Он понравился ей сразу и с каждым днем нравился все больше. Был в нем мощный внутренний стержень, обещающий, что ни в горе, ни в радости, ни в здравии, ни в болезнях Протасов не предаст. Впрочем, столь высокими категориями Галя не мыслила. Просто интуитивно ощущала его жизненную надежность.

Она металась между невзрачным женихом и Протасовым, и расчет боролся с любовью или с теми чувствами, которые Галя принимала за любовь. Впрочем, к Володе она испытывала не одни только эмоции — Протасов-старший был прямым начальником ее отца, и полковник Слабиняк ничего не имел против такого зятя.

Был даже момент, когда Галя хотела разорвать данные Гукасову обещания, но сдержалась. Деньги, деньги! Неодолимое притяжение для пустой души.

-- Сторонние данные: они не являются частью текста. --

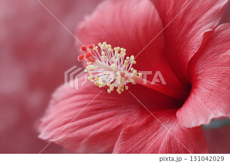 Pink hibiscus flower close up with stamen and soft petals conveying delicate beauty and gentle emotion
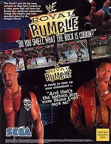 WWF Royal Rumble is a professional wrestling video game released in 2000 for arcades and the Dreamcast. THQ published the title for the Dreamcast while Sega released it for arcades. It is based on the World Wrestling Federation (WWF) professional wrestling promotion and its yearly Royal Rumble event.[2] Yuke's, creators of the WWF SmackDown! series developed Royal Rumble, which had several unique features including support for up to nine wrestlers on the screen simultaneously.[3]

Но как говорится, безвыходных ситуаций не бывает. И в запасе у Гали имелся еще один, не самый плохой, вариант. А может быть, и самый хороший — это как посмотреть: «Муж — для удобства, а для любви — любовник».

Вот только надо было очень постараться, чтобы этот расклад устроил Володю. И Галя постаралась. Очень.

О Гукасове она особо не переживала, ибо муж, как известно, все всегда узнает последним. Или вообще не узнает.

А Володя? Мог ли он представить, что за его спиной плетутся такие хитрые сети? И кто свивает послушные нити…

То переломное лето было поначалу таким щедрым на солнце, на радость, на любовь. Родители жили на даче, и квартира осталась в полном его распоряжении. Он с головой уходил в работу, в новые для него проблемы, такие важные, сложные, гордился ответственностью, тяжело придавившей плечи, вел долгие откровенные разговоры с отцом теперь уже совсем на равных, как коллега, товарищ. И это сумасшедшее счастье…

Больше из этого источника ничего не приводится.